Design of the Ladder Chamber for generating concentration gradients in 3D gels. a Schematic of the chamber with gels in the horizontal bridge channels. b, c Phase images of collagen I gels formed within the horizontal bridge channels. The height of the gel was equal to the height of the main channel (∼300 μm). The gels were fabricated by filling the entire chamber with collagen prepolymer solution, followed by brief suction (not shown, see Section 2)

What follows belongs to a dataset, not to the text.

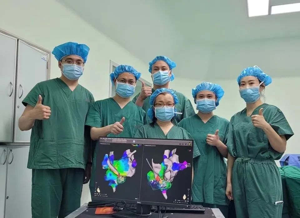 苏冬雷(中后)及心内科医护团队在自治区中医院沈祥礼主任的指导下为一名快速心律失常的患者完成心脏射频消融术。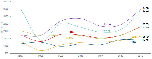 各區(qū)域樓面均價同比均為上漲,珠三角地區(qū)樓面均價及同、環(huán)比漲幅均居五大區(qū)域首位。2013年四季度珠三角地區(qū)住宅用地樓面均價為3975元/平方米,為2012年三季度以來首次超過長三角地區(qū),位居五大區(qū)域之首,同、環(huán)比分別大幅上漲62.6%和30.7%,漲幅均為五大區(qū)域最高,廈門是該區(qū)域地價最高的城市,樓面均價為13831元/平方米,同比大幅上漲441.1%;長三角地區(qū)樓面均價為3329元/平方米,排名第二位,同比上漲1.3%,為各區(qū)域中最小漲幅,該區(qū)域地價最高城市為南京,達11976元/平方米,同比上漲134.3%;環(huán)渤海地區(qū)為2568元/平方米,略高于百城平均水平(2495元/平方米),同環(huán)比分別上漲53.9%、1.1%,其中北京住宅用地樓面均價為9523元/平方米,在該區(qū)域價格最高,同比上漲71.2%;中西部地區(qū)樓面均價為1678元/平方米,環(huán)比下降19.1%,降幅最大,其中贛州樓面均價最高,為2787元/平方米;東北部地區(qū)樓面均價為1617元/平方米,為五大區(qū)域最低,同比上漲2.2%,其中沈陽樓面均價最高,為2118元/平方米。長三角、珠三角和環(huán)渤海地區(qū)樓面均價高于百城平均水平,東北、中西部地區(qū)均低于百城平均水平。價格最高的珠三角地區(qū)和最低的東北地區(qū)差距縮小至2357元/平方米。

Once the gels were localized in the bridge channels, concentration gradients were established in the gels by placing 0 and 100% FITC-dextran (MW 10 kDa) solutions into the two inlet reservoirs; withdrawal from a common outlet maintained constant flow in the main channels. FITC-dextran diffused between the source and sink channels across the gels, and the gradient developed in a fashion similar to that in the microgrooves (Fig. 5(a)). For 1 mm long gels, linear gradients were established within 1 h (Fig. 5(b)). Gradient evolution in the gel was in close agreement with predictions based on diffusion calculations (F value = 0.95, P = 0.44), using a diffusion coefficient D = 1.33 × 10−6 cm2/s for FITC-dextran (10 kDa) in dilute solutions (Fig. 5(c)). This value of D is consistent with measurements reported by Rosoff et al. (2005), for casein (MW 24 kDa) in 2 mg/mL collagen gels (D for 10 kDa FITC-dextran can be estimated from their measurements to be ∼0.93 × 10−6 cm2/s). This suggests that at the 3 mg/mL collagen concentration, the gels were sufficiently porous to allow FITC-dextran to diffuse freely, as if in solution, without being hindered by the collagen fibres.

Fig. 5
figure 5

Development of fluorescence gradients in collagen I gels. a FITC-dextran (MW 10 kDa), flowing in the right channel, diffused through the collagen gels. Gels were 1 mm long, 200 μm wide, and 300 μm thick. Fluorescence intensity was measured over the length of the middle bridge channel, and averaged over a width of 30 pixels (horizontal dashed lines). b Intensity profiles across the gel during gradient development. c Evolution of fluorescence intensity in the middle of the gel (x = 500 μm). Dots represent measured values, solid line is based on diffusion calculations, with D = 1.33 × 10−6 cm2/s

The key strength of this approach is its simplicity, a setup that generates gel-filled microchannels in one step. The microfluidic nature of this assay allows the source and sink streams to be replenished continuously, maintaining stable gradient across microscopic 3D collagen gels without manual intervention.

4 Conclusions

We have developed a microfluidic Ladder Chamber capable of generating stable concentration gradients across 2D surfaces and 3D matrices. Neutrophil chemotaxis was successfully demonstrated in the Ladder Chamber. Compared to other assays, this chamber offers simplicity and improved stability of the gradients. In addition, the chamber provides a high-throughput approach for rapid characterization of chemotactic responses. The diffusion chamber also provides a straightforward method for generating concentration gradients in three-dimensional gels. This can be adapted to a variety of gels, allowing chemotaxis to be studied in different 3D environments. The simple nature of this approach, coupled with its versatility, will make it broadly applicable in cell migration research.